_Data segment_
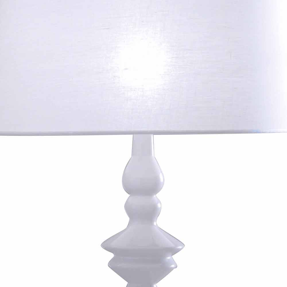 Lampa je vyrobena z lesklé bílé keramiky jako materiál, který představuje původ, tvárnost, stvoření a který vede přímo k počátkům naší kultury. Stínidlo v bílém plátně.
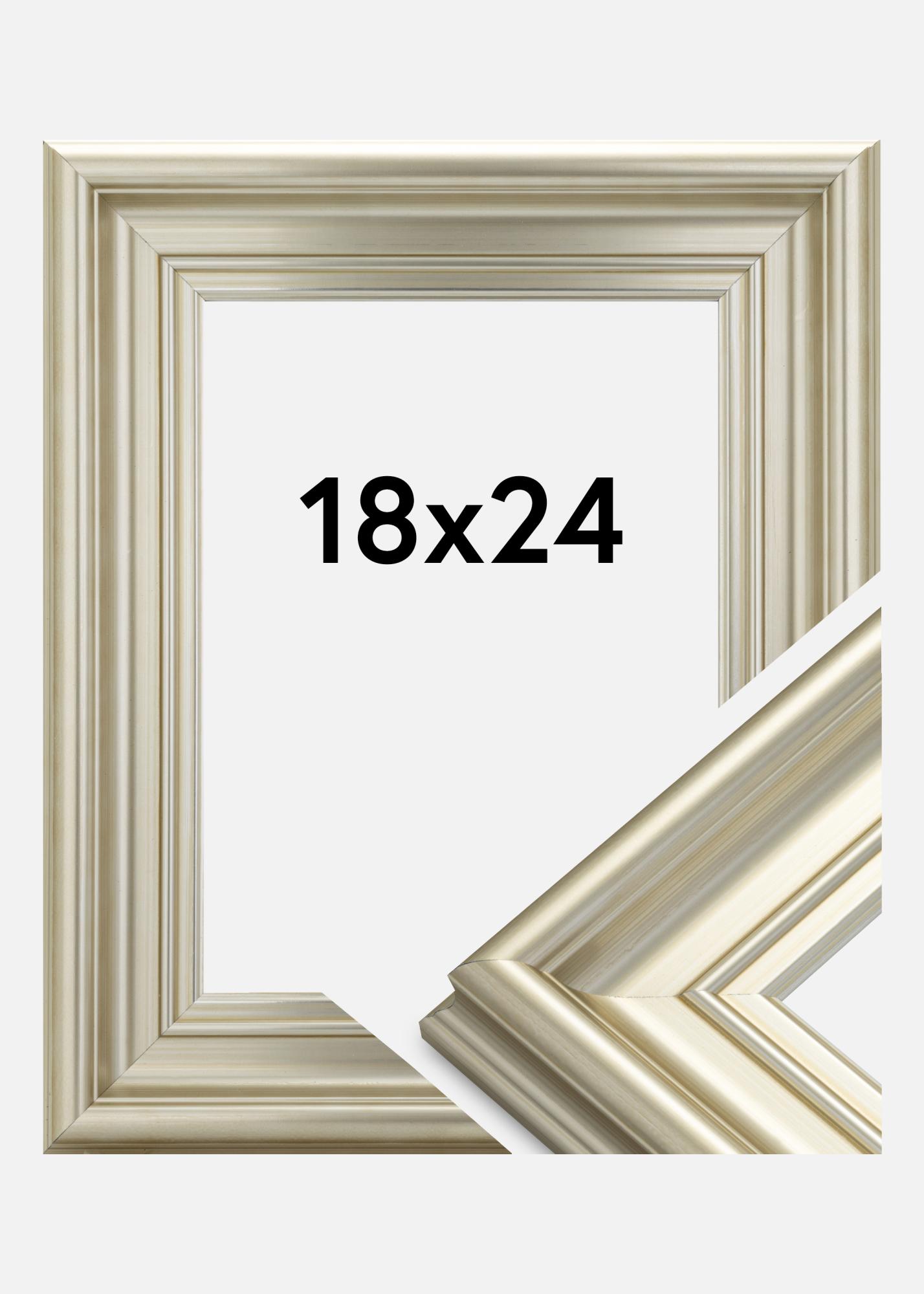 Mora Premium Silver je jedním z našich nejlepších stříbrných rámů. Vyrobeno ze dřeva z našich krásných švédských lesů a sestaveno v naší vlastní rámárské dílně. To znamená, že můžeme slíbit kvalitu nad rámec běžného. Rám má jemně stříbrný profil ve starém malovaném stylu o šířce celých 57 mm. Perfektní pro vaše nejlepší fotografie!
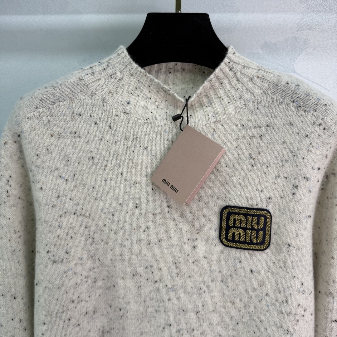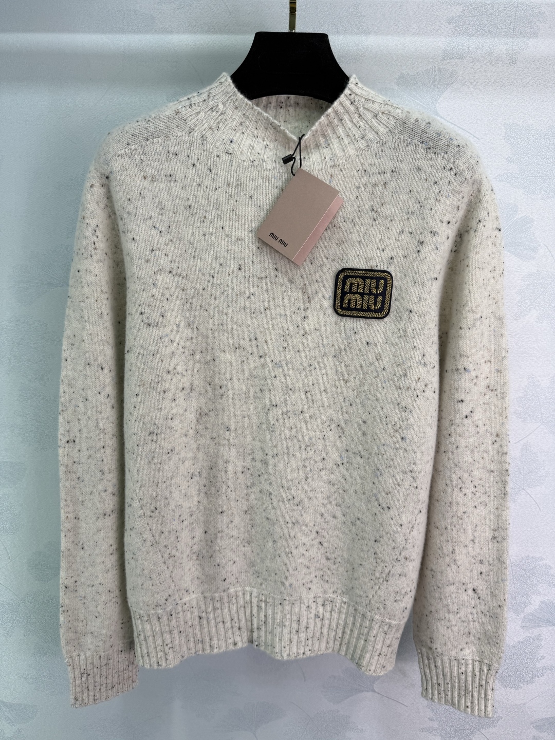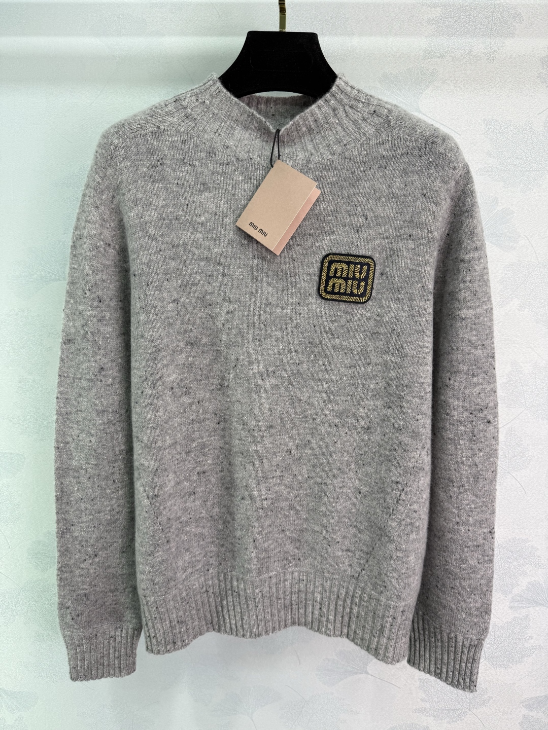 Tags: كنزة Miu Miu, كنزة بتصميم عصري, كنزة صوف ميرينو, كنزة صوفية نسائية, كنزة مطرزة بشعار, ملابس شتوية فاخرة

_Task details_
What is needed is an exact reproduction of the data, pictures excluded.

_Answer section_
 Lampa je vyrobena z lesklé bílé keramiky jako materiál, který představuje původ, tvárnost, stvoření a který vede přímo k počátkům naší kultury. Stínidlo v bílém plátně.
 Mora Premium Silver je jedním z našich nejlepších stříbrných rámů. Vyrobeno ze dřeva z našich krásných švédských lesů a sestaveno v naší vlastní rámárské dílně. To znamená, že můžeme slíbit kvalitu nad rámec běžného. Rám má jemně stříbrný profil ve starém malovaném stylu o šířce celých 57 mm. Perfektní pro vaše nejlepší fotografie!
 Tags: كنزة Miu Miu, كنزة بتصميم عصري, كنزة صوف ميرينو, كنزة صوفية نسائية, كنزة مطرزة بشعار, ملابس شتوية فاخرة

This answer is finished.